While waiting in line at a medical clinic yesterday I heard an older gentleman lamenting about getting old. And he didn't sound too happy about it.
I think he said something like 'It's no fun getting old."
I started to engage him in conversation, but at that moment they called his name and he moved on.
Probably I would have told him something clever like getting old beats the alternative. But, as depressed as he sounded it might have made things worse. After all, I didn't know what was going on in his life. He might have been suffering from a terminal disease. Maybe his wife was ill. Or he could be experiencing money problems. Who knows?
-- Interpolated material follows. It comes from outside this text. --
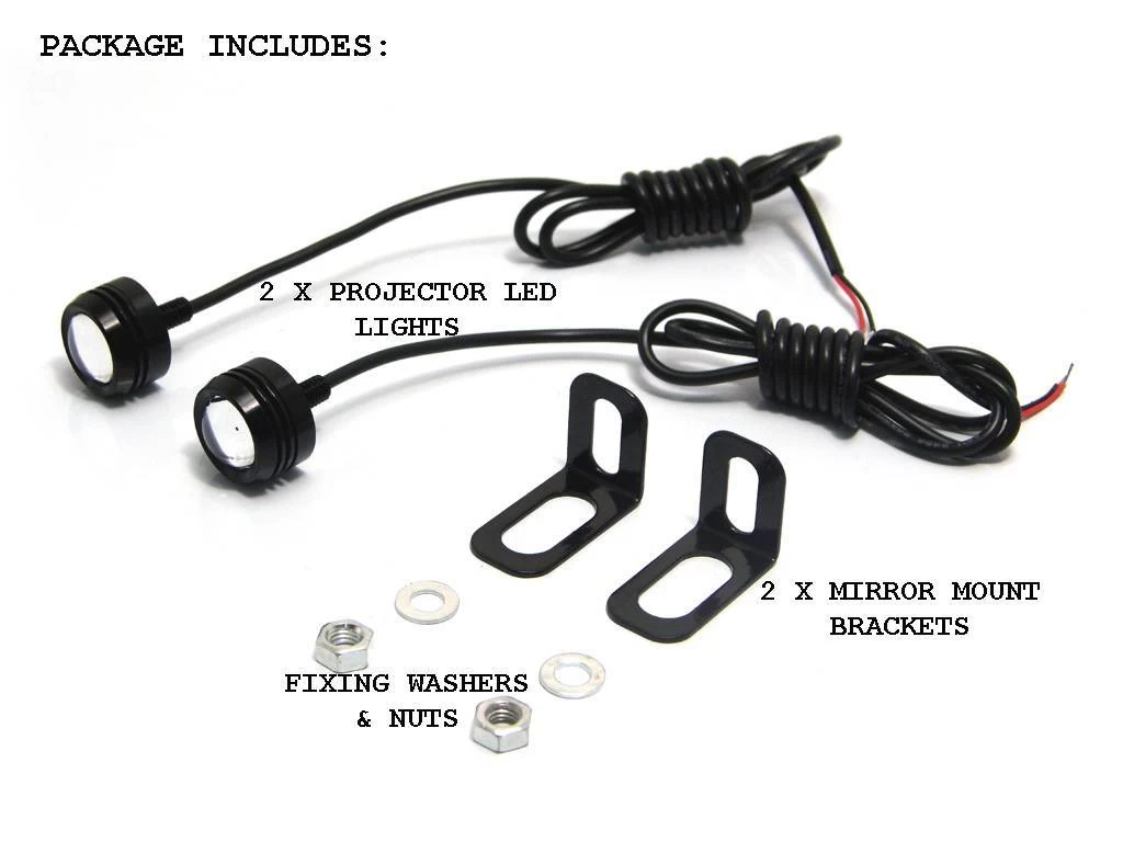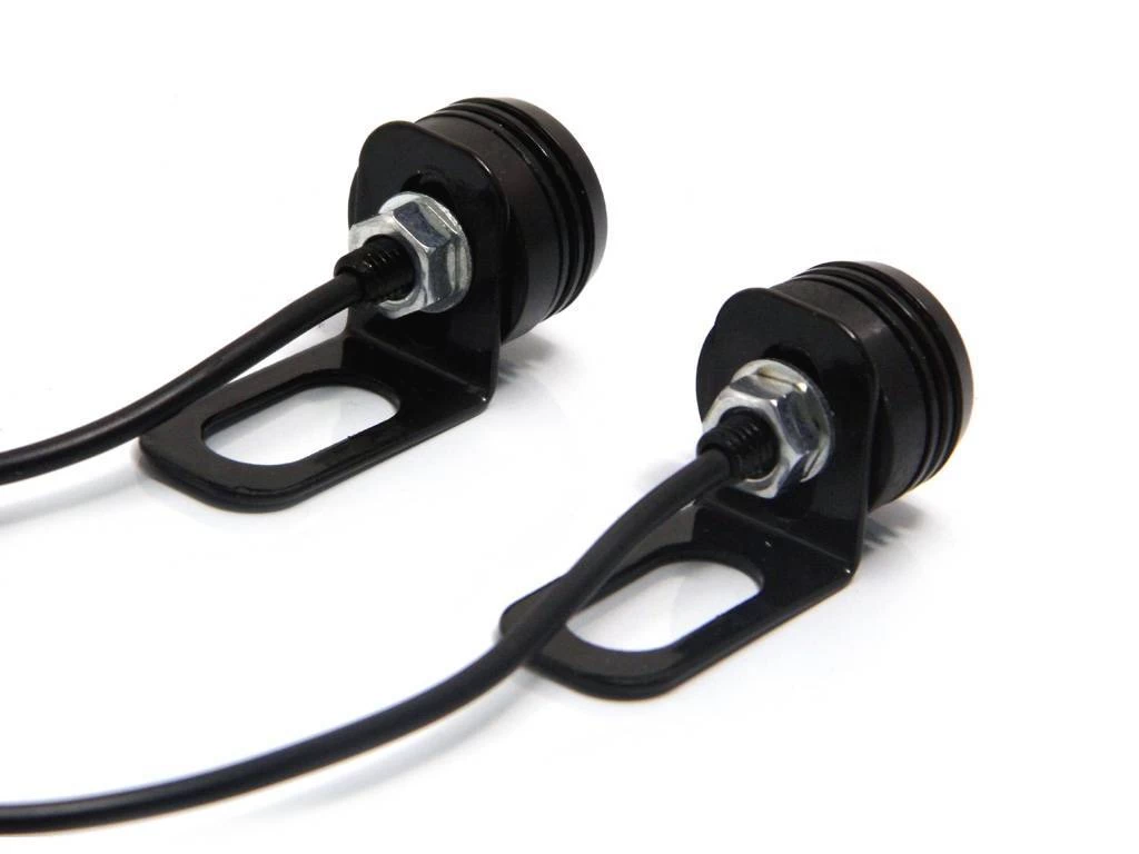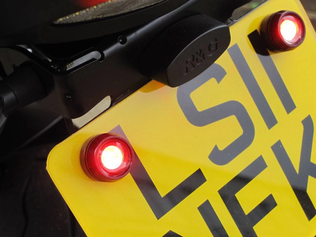 Pair of universal LED Taillight. This high-quality product has a 23 mm diameter and a red LED light. It can be mounted into the number plate and doubled up as bolts or can sit on any flat surface as tail or stop lights.

As to his statement about getting older is no fun - I can relate. Because as the years roll by we start to learn about our physical limitations. Most of us in our sixties and seventies always have some kind of doctor's appoint pending; that is if we take care of ourselves. I have an assortment of doctors who care for me. Among them a neurologist, A liver doctor. A cardiologist. A foot doctor. A urologist and a few others. But rather than bitch about having to see them, I'm grateful to have insurance and the ability to pay for my care.
I've found that the secret to most things we seniors face is acceptance. I know that I can't put in the hours I used too when I was in my thirties and forties. I'm not as strong as I once was. Nor do I have the endurance I did when I was younger. And I accept that.
On the plus side I no longer feel the insecurities of youth. I finally learned that being in a relationship is a two-way street. I've learned to be grateful for the moments of my life. Because the time God gave us when we were born is the one thing we can't replace. So I'm grateful and try to use it wisely.